I also think that efforts to unify tensor memory layout (aka ndarrays) with columnar/tabular memory are deeply problematic. I don't see a great deal of overlapping needs between the in-memory columnar problem (i.e. 95-99% of how pandas is used) and the tensor problem (i.e. how NumPy is used for scientific computing a la MATLAB / TensorFlow).
For us, I think that simplifying the world to one-dimensional contiguous arrays with bitmaps to encode validity / nullness will make pandas much easier to understand and develop.

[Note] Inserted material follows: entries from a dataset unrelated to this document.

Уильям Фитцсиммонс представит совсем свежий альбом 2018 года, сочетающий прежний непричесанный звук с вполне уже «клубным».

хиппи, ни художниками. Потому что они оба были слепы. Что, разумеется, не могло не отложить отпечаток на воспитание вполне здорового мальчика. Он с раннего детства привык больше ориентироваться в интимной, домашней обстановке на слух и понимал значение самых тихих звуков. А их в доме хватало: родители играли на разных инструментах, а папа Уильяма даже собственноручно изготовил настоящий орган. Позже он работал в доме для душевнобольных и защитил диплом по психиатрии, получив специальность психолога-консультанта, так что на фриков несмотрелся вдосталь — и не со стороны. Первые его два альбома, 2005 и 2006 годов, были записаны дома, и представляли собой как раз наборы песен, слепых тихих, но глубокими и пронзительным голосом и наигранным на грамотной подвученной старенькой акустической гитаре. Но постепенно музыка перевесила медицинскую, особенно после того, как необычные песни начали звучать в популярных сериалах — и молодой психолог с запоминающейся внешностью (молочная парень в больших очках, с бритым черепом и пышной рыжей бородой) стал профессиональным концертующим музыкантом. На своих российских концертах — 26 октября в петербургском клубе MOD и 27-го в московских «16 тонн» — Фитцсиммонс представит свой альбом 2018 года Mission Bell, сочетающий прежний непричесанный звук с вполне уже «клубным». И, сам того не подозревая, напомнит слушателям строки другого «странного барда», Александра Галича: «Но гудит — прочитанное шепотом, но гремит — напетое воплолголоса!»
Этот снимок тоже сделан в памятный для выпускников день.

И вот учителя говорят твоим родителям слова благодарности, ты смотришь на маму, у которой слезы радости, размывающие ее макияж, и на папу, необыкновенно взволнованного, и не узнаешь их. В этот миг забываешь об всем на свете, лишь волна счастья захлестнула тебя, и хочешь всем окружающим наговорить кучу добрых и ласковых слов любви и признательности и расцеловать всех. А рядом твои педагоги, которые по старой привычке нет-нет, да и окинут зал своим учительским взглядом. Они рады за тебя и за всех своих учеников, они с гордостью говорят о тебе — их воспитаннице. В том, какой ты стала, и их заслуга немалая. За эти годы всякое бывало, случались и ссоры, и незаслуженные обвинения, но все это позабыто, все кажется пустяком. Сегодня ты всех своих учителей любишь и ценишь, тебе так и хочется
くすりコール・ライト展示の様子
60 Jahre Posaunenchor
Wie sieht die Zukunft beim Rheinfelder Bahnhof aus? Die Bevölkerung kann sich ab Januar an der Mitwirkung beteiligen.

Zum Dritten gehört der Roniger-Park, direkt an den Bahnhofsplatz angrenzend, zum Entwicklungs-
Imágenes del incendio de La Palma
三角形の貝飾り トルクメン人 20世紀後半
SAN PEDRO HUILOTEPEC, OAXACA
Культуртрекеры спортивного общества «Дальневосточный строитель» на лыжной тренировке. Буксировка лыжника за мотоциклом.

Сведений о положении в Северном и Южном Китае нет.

If you can do a zero-copy cast from numeric data to a tensor / ndarray and use math functions in NumPy, then apply a bitmap to the result (also zero-copy), then you don't have the "throw the baby out with the bathwater" problem.

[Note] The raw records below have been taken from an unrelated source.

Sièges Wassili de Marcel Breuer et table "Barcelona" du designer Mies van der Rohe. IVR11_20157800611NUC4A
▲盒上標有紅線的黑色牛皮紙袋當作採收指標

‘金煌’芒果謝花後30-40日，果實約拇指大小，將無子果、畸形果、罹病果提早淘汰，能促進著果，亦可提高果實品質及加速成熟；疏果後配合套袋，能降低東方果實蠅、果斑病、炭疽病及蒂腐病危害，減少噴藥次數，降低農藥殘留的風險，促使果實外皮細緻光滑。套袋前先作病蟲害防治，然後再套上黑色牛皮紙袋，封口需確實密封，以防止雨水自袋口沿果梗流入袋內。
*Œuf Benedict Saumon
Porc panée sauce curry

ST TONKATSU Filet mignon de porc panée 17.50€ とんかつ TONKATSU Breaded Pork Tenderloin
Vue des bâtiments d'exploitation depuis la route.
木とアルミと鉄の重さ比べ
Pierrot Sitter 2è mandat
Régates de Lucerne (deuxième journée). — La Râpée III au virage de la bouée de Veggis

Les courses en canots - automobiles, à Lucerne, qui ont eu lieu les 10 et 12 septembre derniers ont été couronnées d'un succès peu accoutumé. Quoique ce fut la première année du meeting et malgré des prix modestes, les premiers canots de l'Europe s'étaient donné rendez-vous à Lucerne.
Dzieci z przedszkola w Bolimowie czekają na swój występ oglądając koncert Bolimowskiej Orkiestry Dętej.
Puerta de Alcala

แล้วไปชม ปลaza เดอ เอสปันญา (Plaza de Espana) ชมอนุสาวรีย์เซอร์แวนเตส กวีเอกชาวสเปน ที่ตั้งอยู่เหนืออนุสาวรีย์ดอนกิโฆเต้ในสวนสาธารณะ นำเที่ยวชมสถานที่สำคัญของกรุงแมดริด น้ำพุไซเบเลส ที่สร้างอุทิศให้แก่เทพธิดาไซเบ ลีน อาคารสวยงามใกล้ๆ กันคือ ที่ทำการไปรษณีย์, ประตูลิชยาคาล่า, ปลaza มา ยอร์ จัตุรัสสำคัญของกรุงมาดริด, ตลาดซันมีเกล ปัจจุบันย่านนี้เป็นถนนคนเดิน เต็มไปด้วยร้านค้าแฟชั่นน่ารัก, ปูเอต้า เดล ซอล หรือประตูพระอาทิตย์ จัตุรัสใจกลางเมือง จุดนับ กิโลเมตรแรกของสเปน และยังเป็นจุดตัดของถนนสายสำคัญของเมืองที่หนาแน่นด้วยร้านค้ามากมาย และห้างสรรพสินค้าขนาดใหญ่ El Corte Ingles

Do we want to continue to use NaN? There are possible computational benefits to doing so, but we have the opportunity with pandas 2.0 to change to using bitmaps everywhere, which brings a lot of consistency to how missing data is handled (for example:
isnull
becomes free under this scenario). We may want to do some benchmarking to understand the overhead of using bitmaps in arithmetic and aggregations (rather than letting the CPU propagate NaN where relevant).One benefit of the bitmap route is that we can use hardware popcount to skip null checking on groups of 64 or 128 bits at a time (or more, if there are AVX popcount instructions available, not actually sure about this), so the performance in aggregations may actually get a lot better on mostly non-null data.